I've never really understood it when a restaurant advertised something around "all you can eat". I'm not talking about the local buffet, where a parade of overcooked foods sit under heating lamps, which somehow physically pull moisture out of everything (even the water makes you more thirsty). No, I'm referencing the "endless pasta", "all-you-can eat wings", or the ever popular - "endless stack of pancakes". In my fitlifestyle, I couldn't imagine my mind letting me get through the first plate (this probably had a name for it - food guilt, gut prevention, or trainer ego might be fitting descriptions). So as the cavalcade of food challenges continue, I thought this week's selection would be an interesting one - all you can eat pancakes. Maybe those restaurants know more than I think they do.
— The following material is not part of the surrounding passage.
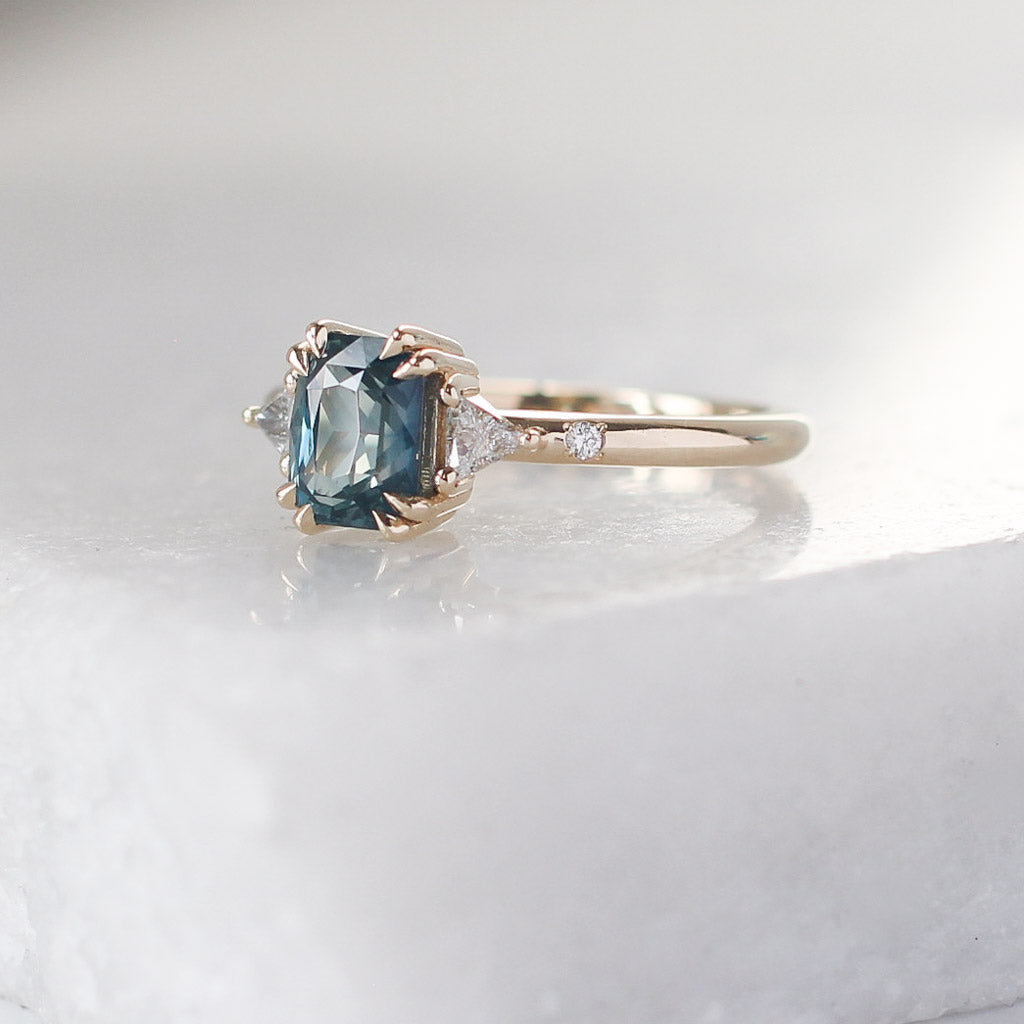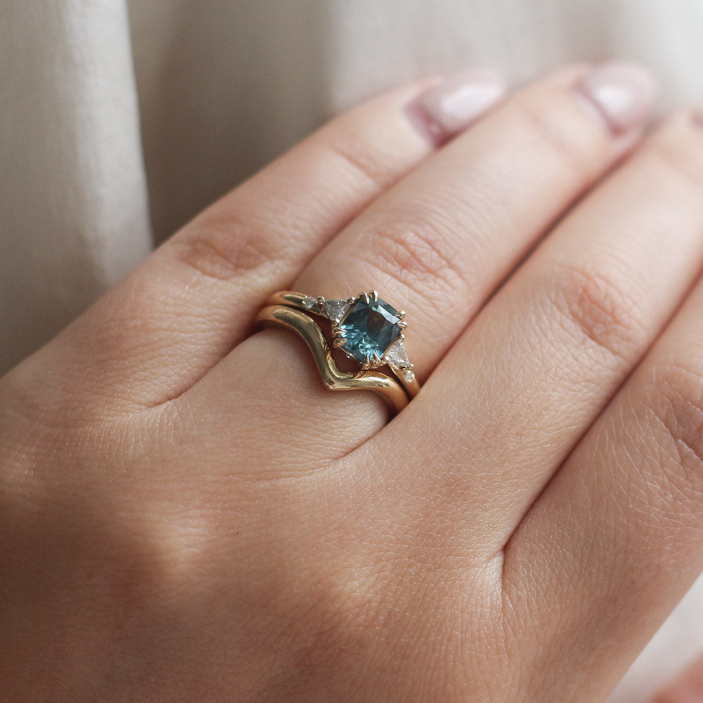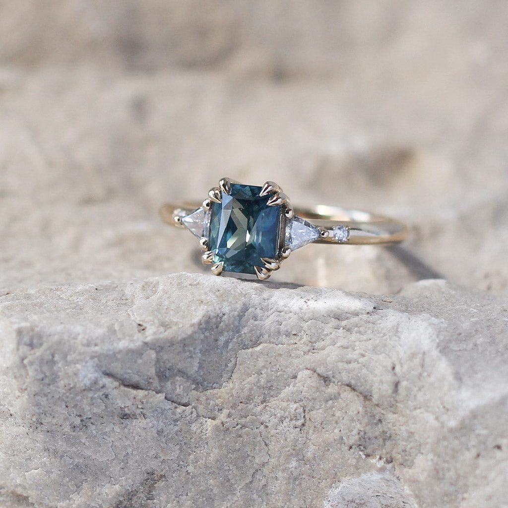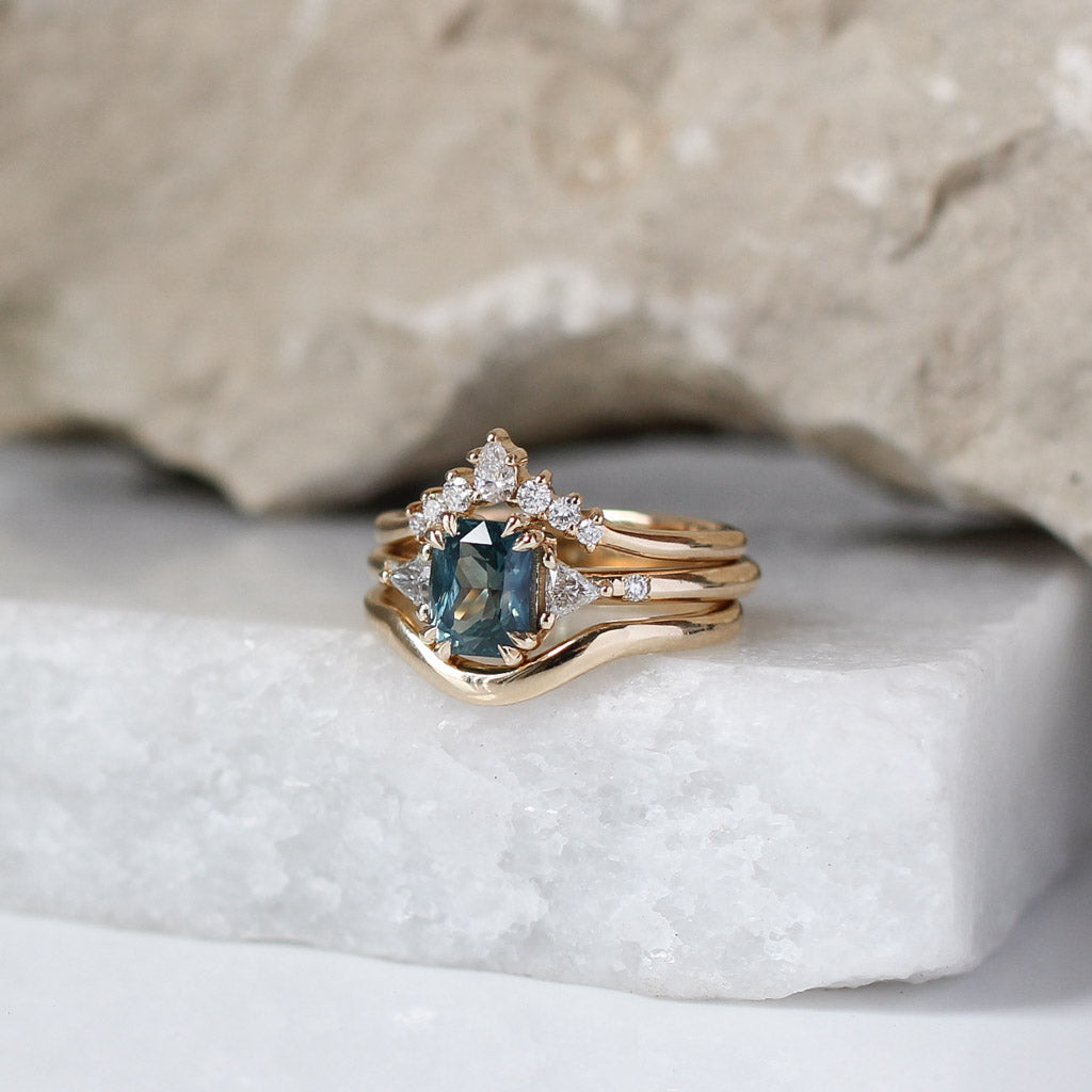 Our Lily ring featuring radiant cut Montana teal sapphire and trillion diamond shoulders. With small diamond accents on the band and under gallery for extra sparkle. We love radiant cut stones for their brilliance and unique reflection of light. Stack best with contour bands. Pictured with our Pear Sahara, Sahara Band, Point Band and Wave Band, sold separately.

After last week's debacle (see the "What the Fuddrucker?" Challenge), I was committed to a few new things this week:
Nothing where I spent $20 for the pleasure of vomiting in a "sanitary" restaurant lavatory
Something from the comfort of my own home, so if I failed, only my wife would point and laugh
I figured for one of these "all you can eat" food challenges, it was important to set a goal. I set a high bar of 20 pancakes, and to really make this a challenge, I decided to let my wife make them. Just kidding dear. Don't look at me like that, I'm just making a funny. Yes, I'm fine sleeping on the couch (as stated in my last post, the channel surfing never gets old).
I joke, but it was very nice of my wife to provide homemade, not burnt (again, I can't help myself. I'm aware that I'm digging the hole but can't put the shovel down) pancakes for the challenge. As an initial "dive" into the challenge, I took on 6 pancakes as my first plate. Now, it turned to my choice of topping, which really illustrated the fact that I'm lost somewhere between fit and Fat Albert. The available toppings in the house:
Low Calorie syrup (Walmart brand - now you know how big of a spender I am)
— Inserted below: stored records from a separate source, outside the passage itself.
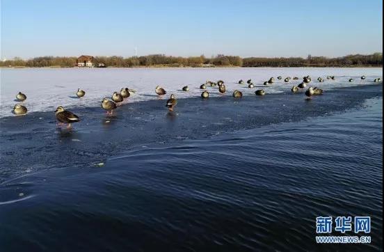 12月14日,水鸟在唐山南湖的冰面上栖息(无人机拍摄)
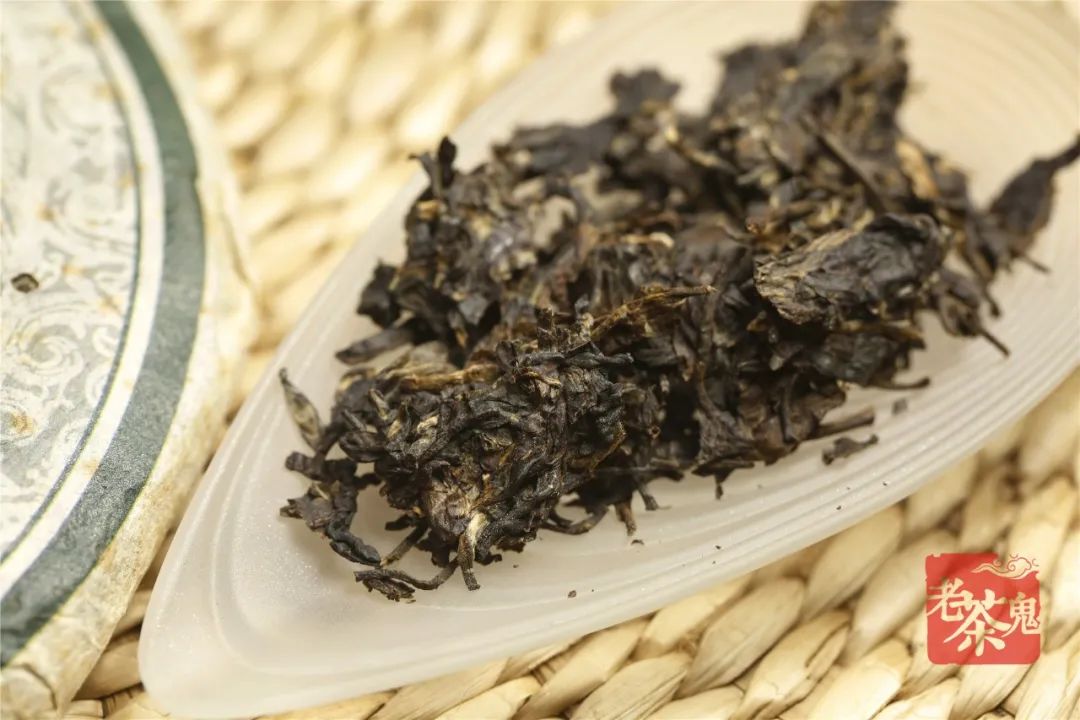 茶饼外形平滑,厚薄均匀,松紧适度,饼面芽叶清晰可见,条索紧结,色泽乌褐油润,尽显大叶种的质朴风格。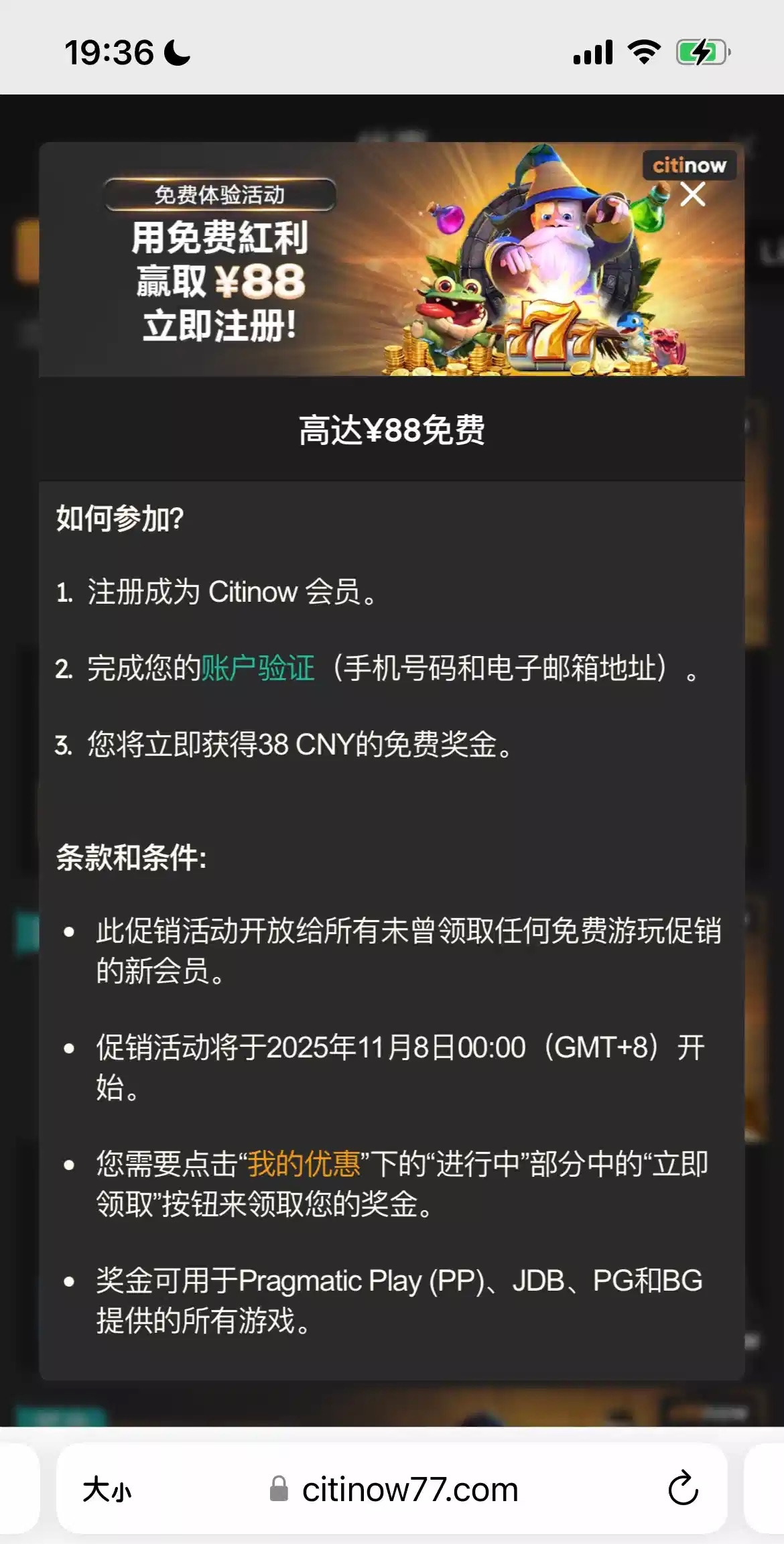 注册账号了手机号接收不到验证码的话找在线客服申请手动验证,客服会让你加客服微信验证就可以了,验证完在个人中心我的优惠里领取,要打190流水才能转出中心钱包,祝各位大红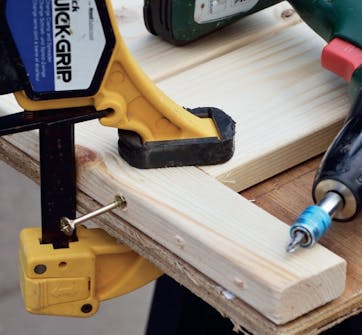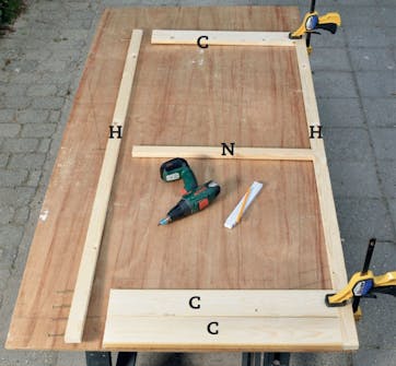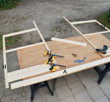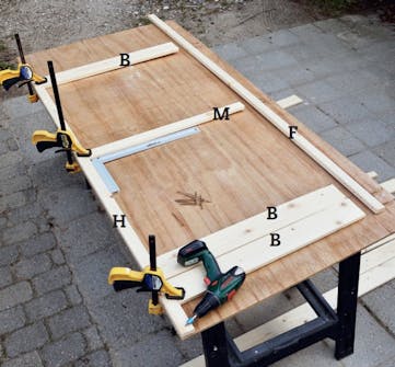 Sätt ihop de två yttre halvorna av framsidan. Lägg ramarna på en arbetsskiva med vinkelräta hörn och spänn fast listerna med tvingar innan du skruvar. Då går det lätt att skruva.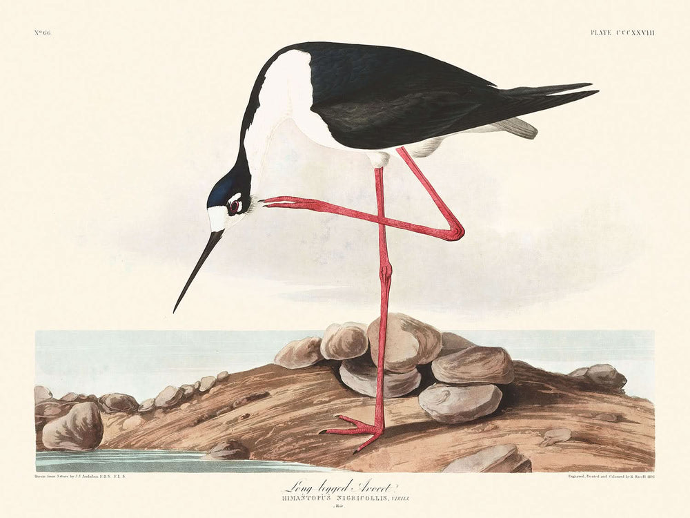 El Avocet de patas largas, publicado en 1827, es una cautivadora ilustración de aves de la renombrada colección de John James Audubon, Aves de América. Esta ilustración muestra la elegancia y las características distintivas del Avocet de patas largas, llamando la atención sobre sus patas delgadas y alargadas y su postura graciosa—un tributo a la habilidad de Audubon para capturar la esencia de la vida silvestre americana.

Whipped cream (straight from the can...you know you're eating "American" when you get your whipped cream from what is basically an aerosol can)
Butter (my hips have become big fans...I'm looking for the Facebook page where I can "Like" butter publicly and formally)
As tempting as the 2-year old syrup was (I never ate the stuff before), I went with the winning combination of butter and whipped cream. 6 pancakes up, 6 pancakes down. With the Fuddrucker's Challenge now in the rearview mirror, I was brimming with confidence (and lard).
Plate #2 also had 6 pancakes. This is where the pancakes started getting harder (must resist referencing pancake quality for fear that my wife might handcuff me to the lawnmower as punishment). It honestly felt like each pancake weighed a pound. And here I thought the air whipped cream made these things lighter! As I completed Plate #2, a new sensation joined the challenge - sleepiness. Suddenly, visions of going back to bed were floating in my mind. The pancakes started to look like cozy little pillows. My wife had to pull the syrup bottle from my hands as I tried to use it to seal my eyelids closed for a bit of a shut eye (with every challenge, I seem to find a new level of awkward in my marriage).
Pillow....errr....Plate #3 started the downward slope. I only piled four on this time, and though I finished them, it took me over 20 minutes. By this point, I was longingly looking at the hardwood floor like it was made of feathers. 8 hours of blissful peace awaited me just a few feet below my belly. I can't remember if I threw in the towel or my wife did, as she was probably disturbed at the looks of love I was giving to our kitchen floor. So with heavy eyelids, and an exhausted pancake cooker standing in the kitchen, the challenge concluded.
In all, I was able to finish 16 pancakes. While my original goal of 20 wasn't achieved, I did take solace in the fact that my reaction to this challenge was to sleep, and not to "hurl". I can handle those side effects much better! But this challenge (as I continue to try to understand the world, from the perspective of an overweight person) pushed me into another idea.
Towards the end of my journey to fat, I now plan on revisiting these types of food challenges to see if I've improved. Just think - more dates with my wife where I get to take her to fine, upstanding experiences like "Drew vs. The Colonel: Part 2, Krispy Kreme Sequel, Corn Dogs Revenge, and, of course, the Fuddrucker Reunion Show. Sorry ladies, I'm taken. You know you're thinking "why doesn't my husband take me to Corn Dog Revenge!?". Then again, maybe I'll be on the market after my wife reads this blog. It's time to go into recovery mode, folks.
Sweetie, those were the BEST pancakes I've ever had when eating 16 of them. Hugs and kisses.
I'm still sleeping on the couch, aren't I?